イタイイタイ病<中毒と環境因子による病気>の症状の現れ方

 腎臓の尿細管の再吸収障害と、骨の軟化症および粗鬆症の合併的変化がその主な病変とされています。主症状は疼痛で、腰痛や下肢の筋肉痛などで始まり、次第に各部に広がって、ひどくなれば、わずかに体を動かしたり咳(せき)をするだけでも激しい痛みを訴えるようになります。
 経過はきわめてゆっくりであり、捻挫(ねんざ)などの軽い外傷を契機に歩行障害を起こし、アヒルのような歩行から末期には歩行不能になり、寝たきりになります。

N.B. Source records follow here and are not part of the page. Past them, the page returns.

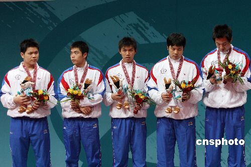 多哈當地時間十二月三日晚,中國男子乒乓球隊以三比零戰勝老對手韓國隊,獲得第十五屆亞運會乒乓球男子團體冠軍。中國臺北與中國香港隊獲得銅牌。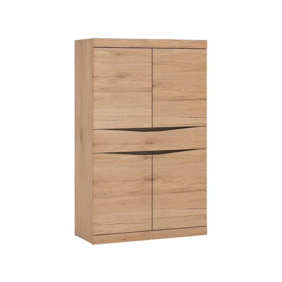 Enhance your storage with this sophisticated chest of drawers in San Remo & Arusha Wenge. Boasting four spacious shelves behind full fronts and a smoothly sliding drawer, it provides ample room for clothing, accessories, and household essentials.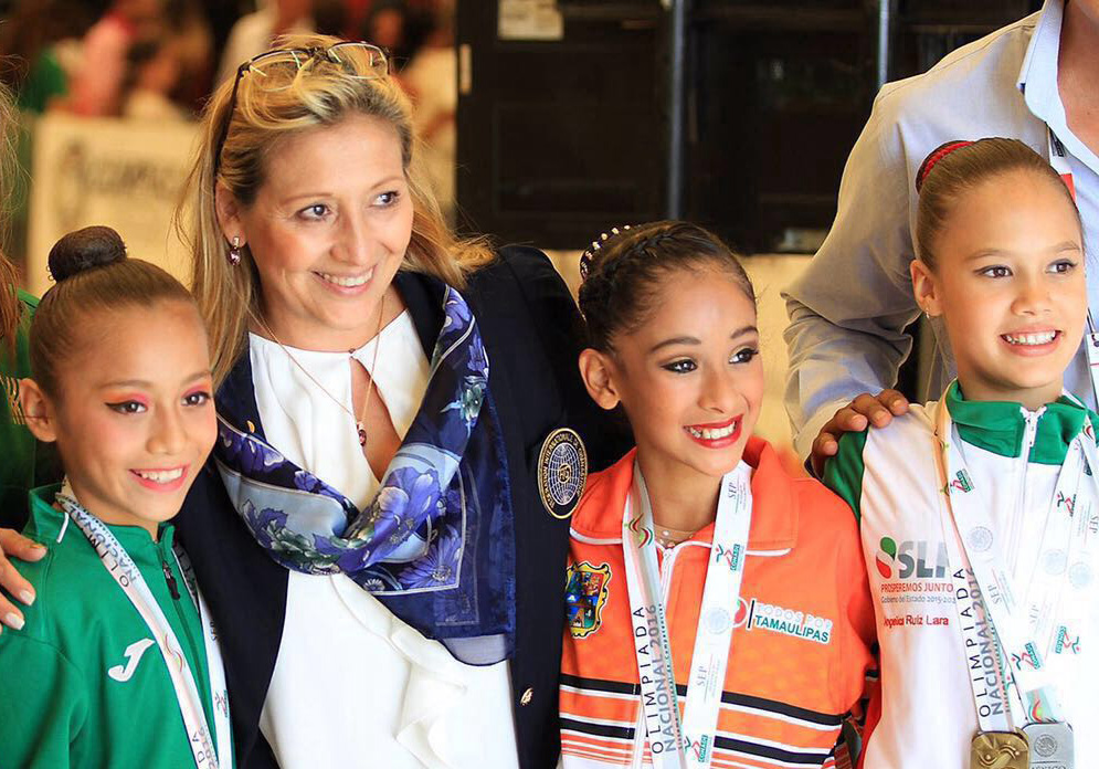 Su entrenadora de Sergeevna Arias siempre estuvo muy al pendiente de todas sus actuaciones en cada una de la modalidad aconsejándola sobre sus movimientos en busca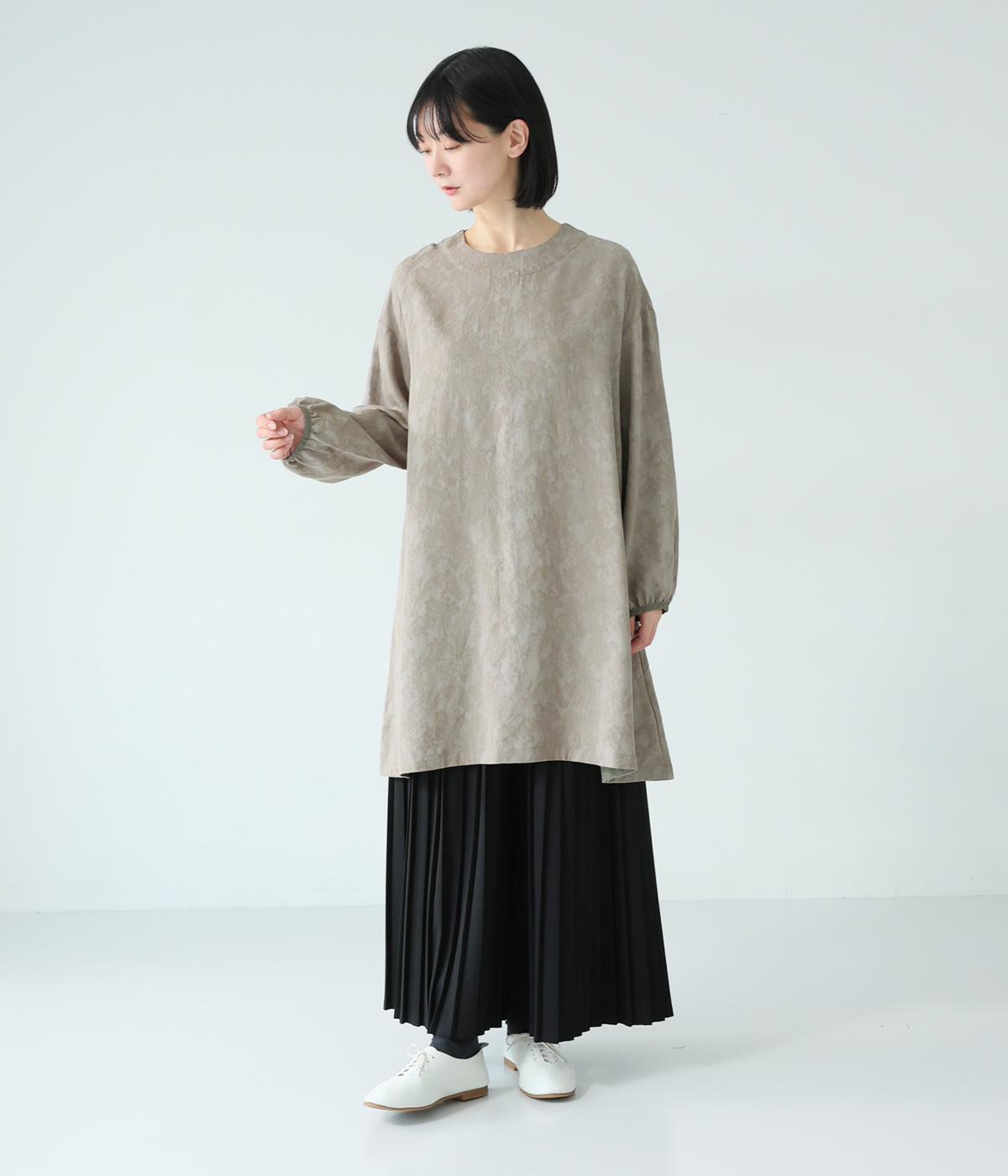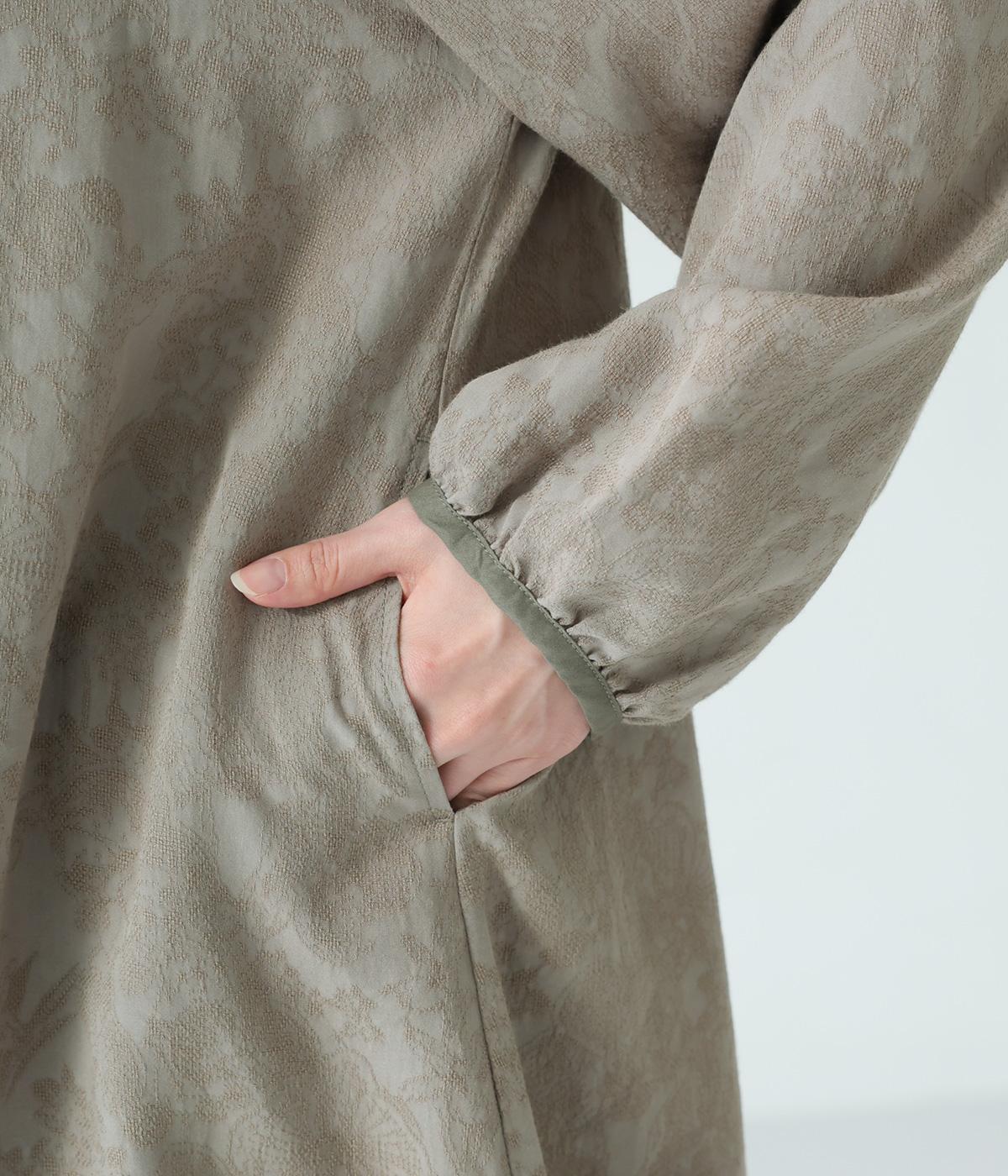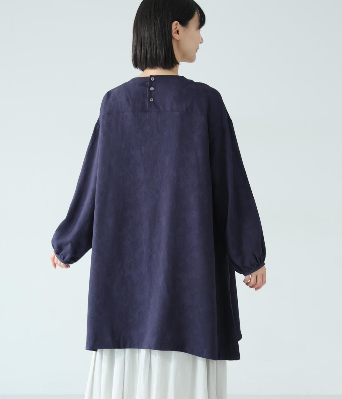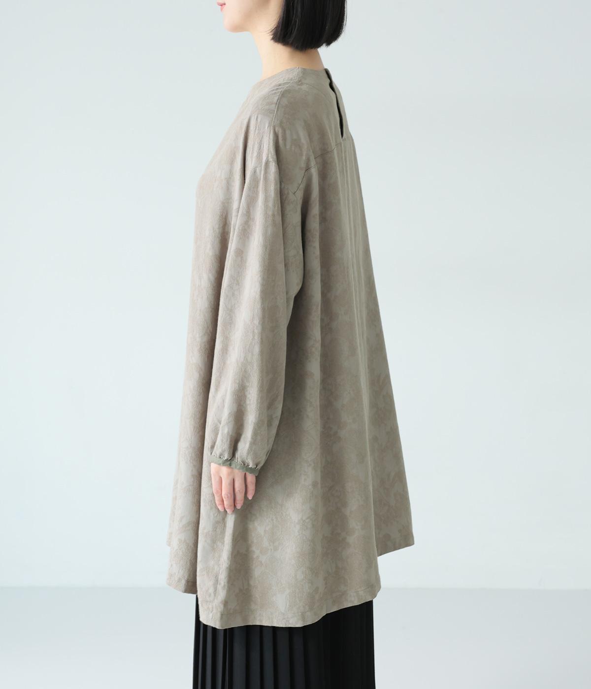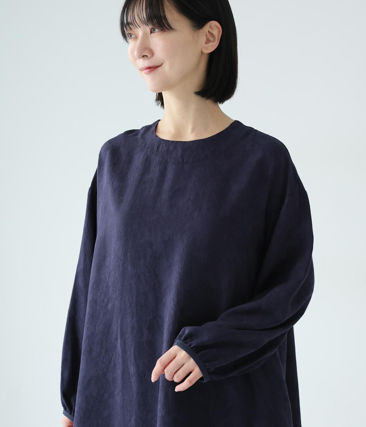 シンプルな型が、表情豊かな生地を引き立てます。たっぷりの生地がつくるドレープが優雅な雰囲気を後押しし、パイピングで仕立てた袖口がカジュアルなアクセントに。幅広いスタイリングになじむ一枚です。

わずかな外力で病的骨折を起こし、全身に多数の骨折のあった例もかつてはみられました。
 腎尿細管障害は、尿中のβ2‐ミクログロブリンなどの低分子蛋白、糖、蛋白、アミノ酸の排泄が増えるのが特徴です。

イタイイタイ病<中毒と環境因子による病気>の診断と治療の方法

 骨病変についてはビタミンD2の大量投与や活性型ビタミンD3による治療がおおむね奏効するため、悪化を繰り返す症例はあるものの、長期的には軽快する傾向があります。